We could chastise the wise bridesmaids for not sharing, but this parable isn’t about sharing. It’s about being ready. The foolish bridesmaids pay the price for not being ready. When they get back to the party, the door has been shut, and they can’t get in. “Who are you?” the bridegroom asks.

So, Jesus says, keep awake, because you don’t know the day or the hour when the bridegroom is coming.

Jesus is the bridegroom, of course. He refers to himself that way several times. So if this story tells us something about God’s kingdom, it must be that we can’t know when Jesus is coming to usher in the kingdom in all its glory, so we’d better be ready at all times.

How do we do that?

The second story comes from Luke’s gospel. It begins with Jesus saying, “Be dressed for action, and have your lamps lit.”

Neither of these stories directly address the issue of being properly dressed. That comes up in another story from Matthew (Matthew 22.11-13). A king is throwing a wedding banquet for his son, and he notices a guest who is not wearing a wedding robe. He says, “Friend, how did you get in here without a wedding robe?” The guest offers no excuse, and the king has him thrown out.

“Be dressed for action, and have your lamps lit,” Jesus says.

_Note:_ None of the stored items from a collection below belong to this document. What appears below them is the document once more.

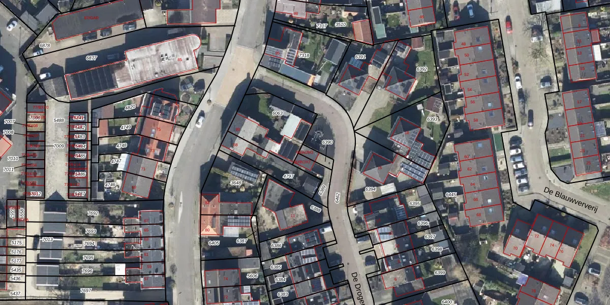 Gebruik de zoekbalk of klik op een perceel voor informatie over de adressen binnen dit perceel.
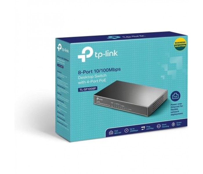 El TL-SF1008P es un switch no gestionable de 8 puertos 10 / 100Mbps que no requiere configuración y ofrece 4 puertos PoE (Alimentación sobre Ethernet). Puede detectar automáticamente y suministrar energía a todos los dispositivos de potencia (PDs) que cumplan con IEEE 802.3af. En esta situación, la energía eléctrica se transmite junto con los datos en un único cable que le permite ampliar su red hacia donde no hay enchufes, donde desea fijar los dispositivos tales como puntos de acceso, cámaras IP, teléfonos IP, etc.
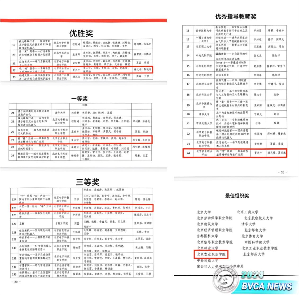近日,由北京市教育委员会、北京市人力资源和社会保障局、北京市发展和改革委员会共同主办,北京高校大学生就业创业指导中心承办的第三届“京彩大创”北京大学生创新创业大赛圆满结束,beat365《稳“槽”胜券——草莓新型基质槽研究与推广应用》项目荣获市级优胜奖、现场决赛一等奖,杨文雄、易运池老师荣获最佳指导教师,《水肥一体,助力“苺”好未来》项目荣获现场决赛三等奖,11支项目团队获得百强创业团队称号,学校荣获最佳组织奖。
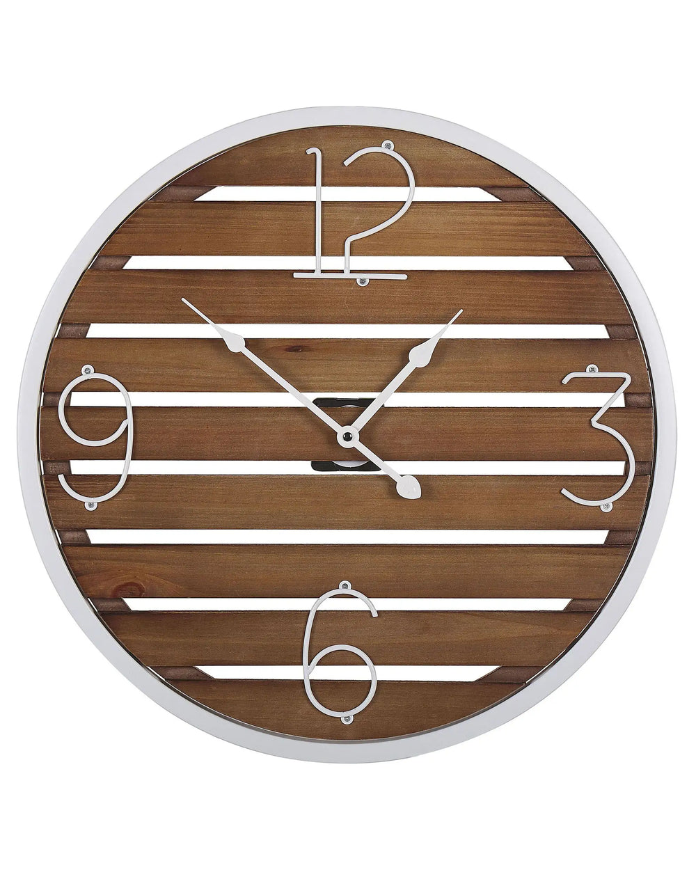 Wall Clock Dark Wood Round 50 cm Handmade Slatted Face White Metal Frame Beliani is backordered and will ship as soon as it is back in stock.

The characters in this story apparently are household slaves. They want to be ready when their master returns from the wedding banquet, even if he is delayed for some reason. They’ll be happy if they’re alert and ready when he returns, even if it’s in the middle of the night, even if it’s almost dawn. And here’s an unexpected turn. If he finds them alert and ready, he’ll take off his wedding duds and put on his serving clothes, and he will serve them!

What’s up with that? We’ll return to that in a moment.

“You must be ready,” Jesus says, “for the Son of Man is coming at an unexpected hour.”

How unexpected an hour? Suppose that your house is broken into one night, and the thief quietly makes off with some of your most valuable possessions, and you sleep through the whole thing. What do you say the next morning when you discover the burglary? “I wish I’d been awake when that guy broke in! If I’d known he was coming, I would have stayed awake and stopped him!”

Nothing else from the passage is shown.